OpenAI Releases Minecraft-Playing AI VPT

OpenAI-Releases-Minecraft-Playing-AI-VPT

To train VPT, the team first contracted players to perform specific actions in the game, creating a labelled dataset of around 2,000 hours of video

Researchers from OpenAI have open-sourced Video PreTraining (VPT), a semi-supervised learning technique for training game-playing agents. In a zero-shot setting, VPT performs tasks that agents cannot via reinforcement learning (RL) alone, and with fine-tuning is the first AI to craft a diamond pickaxe in Minecraft.

The model and several experiments were described in a paper published on arXiv. To train VPT, the team first contracted players to perform specific actions in the game, creating a labelled dataset of around 2,000 hours of video. Using this, the researchers trained an Inverse Dynamics Model (IDM) that can infer what keystrokes or mouse actions produced the action in the video. The team used this model to label around 70k hours of internet videos showing Minecraft play; this dataset was then used to pretrain a VPT foundation model. Without fine-tuning, this model could perform complex game behaviours that have previously proven impossible for RL models to learn, including multi-step crafting activities. When fine-tuned on additional contractor data, VPT learned to craft a diamond pickaxe, which can require over 24k in-game actions.

According to the OpenAI team, “VPT paves the path toward allowing agents to learn to act by watching the vast numbers of videos on the internet…While we only experiment in Minecraft, the game is very open-ended and the native human interface (mouse and keyboard) is very generic, so we believe our results bode well for other similar domains, e.g. computer usage.”

Recent research in natural language processing (NLP) and computer vision (CV) AI has shown that pretraining models on large, noisy datasets scraped from the web can produce state-of-the-art results on various downstream tasks. These large pretrained models, called foundation models, are typically fine-tuned on a relatively small task-specific dataset. In contrast, most game-playing agents are trained using RL, requiring many thousands of episodes of the agent playing the game, which can be time-consuming yet still not explore a large part of the game’s potential, especially with “open-world” games such as Minecraft.

While internet video-sharing sites like YouTube have hundreds of thousands of gameplay videos for an agent to learn from, the problem is that these videos show only the game screen, but not the control inputs which are crucial for learning.
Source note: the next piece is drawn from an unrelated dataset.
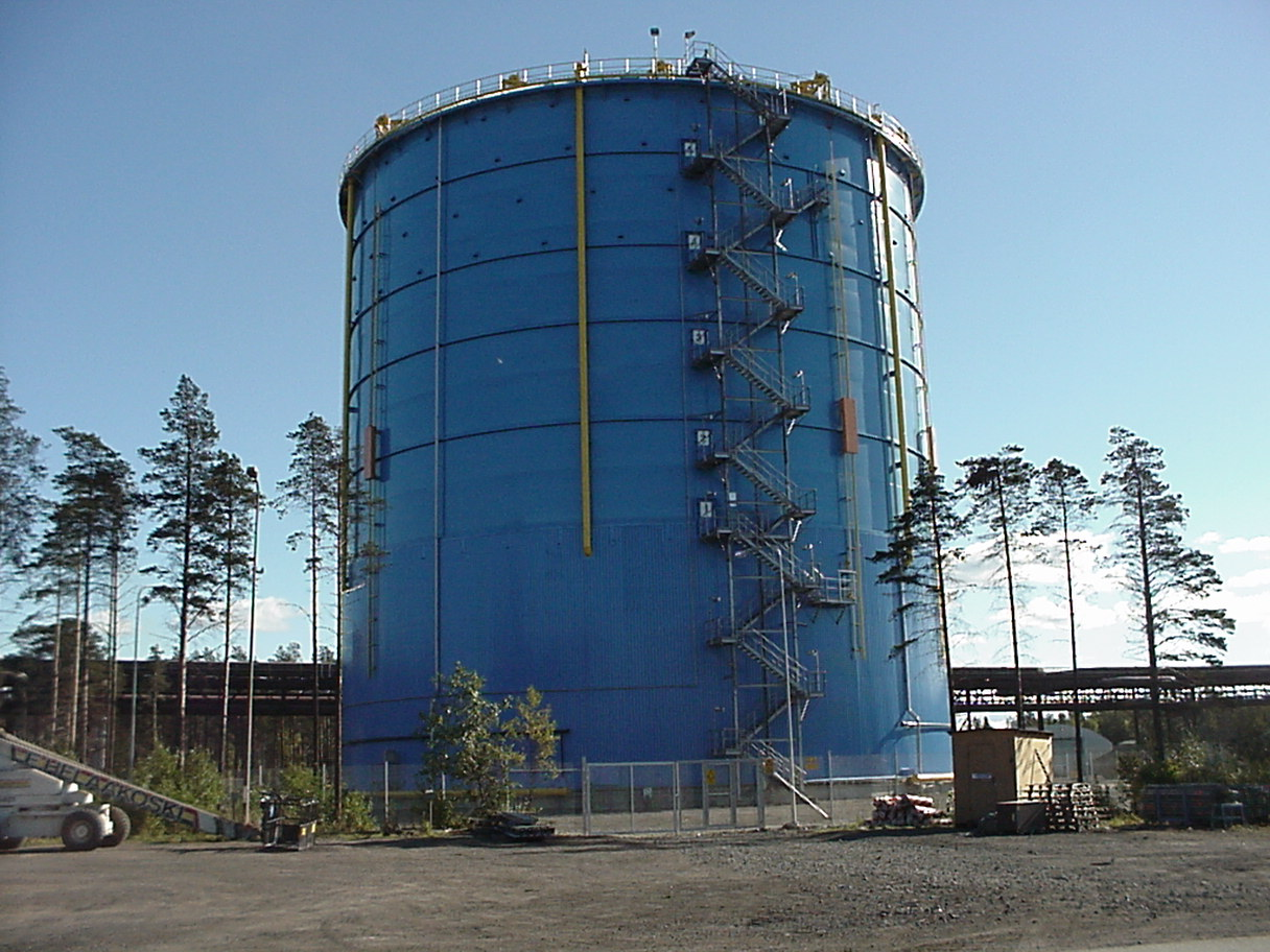 Dry Seal Type Gasholder as designed by Lazarus & Associates Ltd UK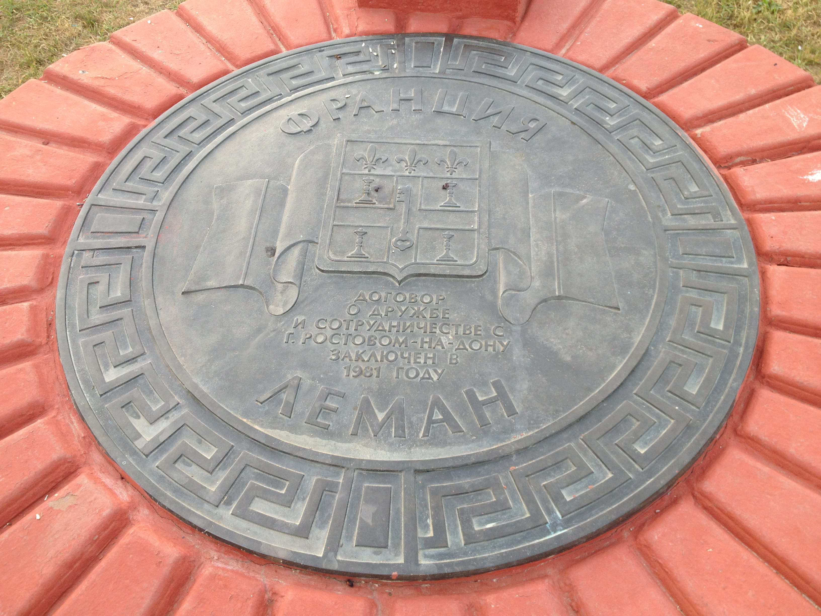 friendship with Le Mans at Rostov-sur-le-Don

The OpenAI solution was to train an IDM to infer the control inputs given a series of video frames. To do this, the team first hired contractors to play Minecraft; during play, their video screens were recorded along with keystroke and mouse inputs. This produced a labelled dataset which was used to train the IDM.

Next, the team collected and cleaned Minecraft gameplay videos from the internet and then used the IDM to label this dataset with the inferred control inputs driving the game. This larger dataset was used to train the VPT foundation model using “standard behavioural cloning.” Behavioural cloning is a form of imitation learning, where an agent is trained on another agent’s observed states and actions (usually a human teacher) and learns to estimate the teacher’s own policy. In contrast with RL, behavioural cloning does not require the learning agent to interact with the environment directly.

In addition to releasing the VPT code and model weights, OpenAI has partnered with this year’s MineRL NeurIPS competition. This competition offers prizes to teams who train agents that can perform tasks in the MineRL Benchmark for Agents that Solve Almost-Lifelike Tasks (MineRL BASALT). Besides OpenAI, several other large tech companies are supporting AI research efforts using Minecraft as a platform. In 2019, InfoQ covered Meta’s open-source CraftAssist framework for building bots to assist players in the game. More recently, NVIDIA open-sourced MineDojo, a framework for embodied agent research in Minecraft. The VPT code and models are available on GitHub.